An alternative is to ask your students to do something: solve a problem, analyze a case study, take part in a debate, adopt a role or relate the topic to a current event.

Strategy 3: Raise the Stakes

One way that newspapers and magazines and companies like Amazon try to improve the quality of reader or user comments is by asking their audience to rate the value of individual posts. Nothing, I have found, focuses the online student’s mind better than a sense that their writing is being evaluated anonymously by their classmates. Consider asking for specific feedback: ask your students to rate a post as substantive, provocative or grounded in evidence.

Another way to raise the stakes is to limit the number of students who participate in each discussion. The rest of the class might then provide feedback not on individual postings but the discussion as a whole.

Strategy 4: Reimagine How Online Conversations Are Displayed

Why can’t conversations be displayed more along the lines of the old TV show Hollywood Squares or like a network analysis or in some other visual format, for example, in parallel columns?

Online comments are typically displayed in one of two ways: flat, in which all posts are presented in chronological order, or threaded, in which individuals respond to particular message and then the replies appear next to that “parent” message.

Each approach has its distinctive strengths and weaknesses. The flat approach works best when the number of posts is relatively small and one can easily read all of the contributions. Flat conversations, however, work poorly when there is a large number of posts or when multiple topics are covered. Nor does the flat approach offer an easy way to respond to a particular post or to easily follow a conversation among multiple people.

The alternative, threaded conversations, consists of indented or nested comments. Although this organizes conversations by topic, it can be very distracting and difficult to read.

One solution to this challenge is to truncate or abbreviate the replies and simply show snippets. Then readers can click on those that they are interested in reading in full.

There have been a few attempts to adopt other modes of display. Amazon offers orders posts according to user ratings or recommendations. The New York Times creates a category of posts that its editors recommend.

Another approach adopts the metaphor of a tree with branches. Users title their posts to suggest how they are altering the conversation, then replies are grouped together.

But we may want to go further by helping students better visualize the discussion. We might display networks of comments or use word clouds to underscore the key issues that have arisen.

Or we might assign particular students to summarize the conversation and identify key points of debate and disagreement.

Strategy 5: Adopt a Different Model

Perhaps it’s a mistake to transpose a mode of communication that works well in face-to-face, synchronous or one-on-one contexts into the asynchronous realm.
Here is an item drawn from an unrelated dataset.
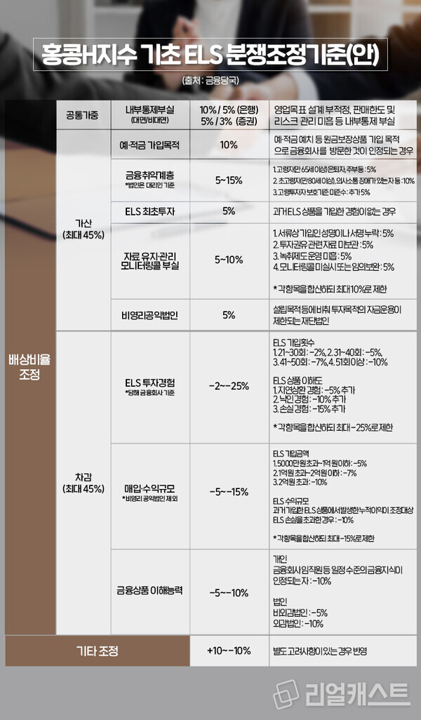 여기에 민원조사 등을 통해 확인된 사실관계를 바탕으로 각 사안별 ELS 분쟁조정기준에 제시한 예·적금 가입목적, 금융취약계층 해당 여부 등 가산 요인과 ELS 투자경험, 매입·수익규모 등 차감 요인을 구체적으로 적용해 최종 배상비율이 산정됩니다.
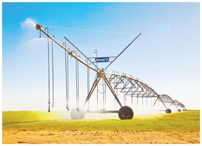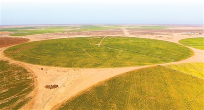 在埃及沙漠腹地,中国中曼集团的喷灌系统正在进行灌溉作业。郝东磊摄(影像中国)

There are other ways to create a sense of community, promote collaboration and elicit meaningful ideas and debate.

One obvious model is to ask the students to annotate portions of a text, an image or a case study. By placing the interaction immediately adjacent to the course content, students directly interact with the class’s learning materials.
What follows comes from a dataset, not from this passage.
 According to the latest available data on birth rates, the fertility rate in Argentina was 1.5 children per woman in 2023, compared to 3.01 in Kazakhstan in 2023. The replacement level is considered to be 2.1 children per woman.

Another approach is to have teams of students work together on a collaborative document, a blog or a wiki.

Yet another is to create a collaborative community forum (like the University of Toronto’s Knowledge Forum) where students can informally share ideas, discuss the readings, raise questions and offer explanations.
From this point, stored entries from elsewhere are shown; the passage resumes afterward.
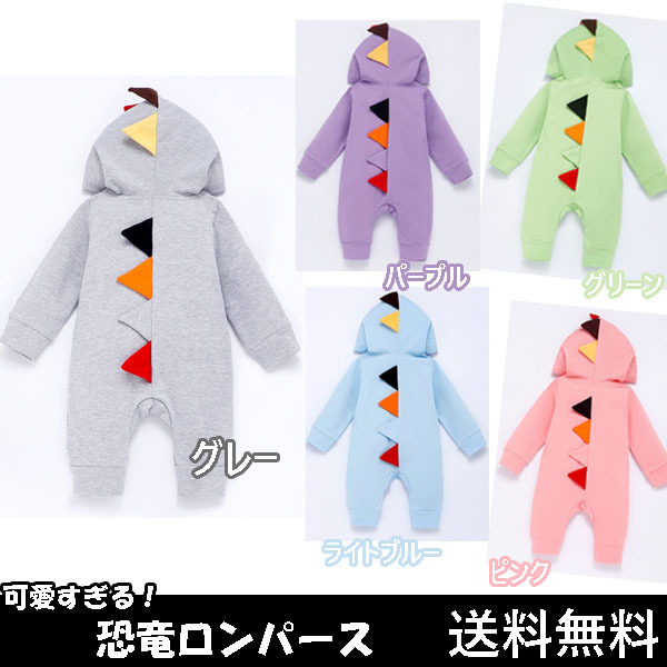 ロンパース カバーオール 恐竜 フード付 帽子 怪獣 出産祝い プレゼント 長袖 子供服 ベビー服 ベビー キッズ 女の子 赤ちゃん 男の子
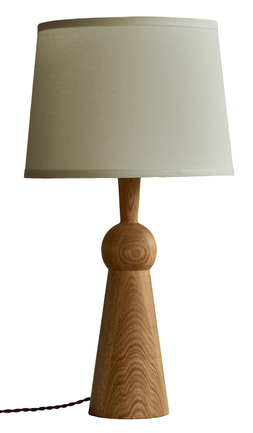 The Lostine Bella Skirt Lamp blends handmade character with refined design. Crafted in Pennsylvania, it features a hand-turned red oak base and a tapered Belgian linen shade. You can choose from natural, dark wash, or whitewash finishes to suit your space. Whether it’s placed on a credenza, nightstand, or round coffee table, the Bella Skirt Lamp adds a layer of warmth and understated style to your room.
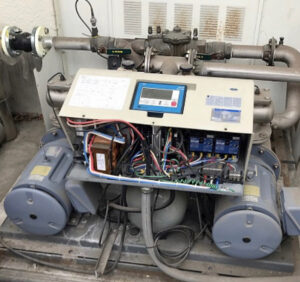・ポンプユニット制御盤や基盤の破損による切り替え運転の不良

If an online class is to be more than a correspondence course, interaction among classmates is essential. But if we are to make asynchronous online learning into a truly social process, we need to break free from the traditional discussion board and imagine new ways to promote dialogue, information and opinion sharing, and collaborative inquiry.

Steven Mintz is senior adviser to the president of Hunter College for student success and strategic initiatives.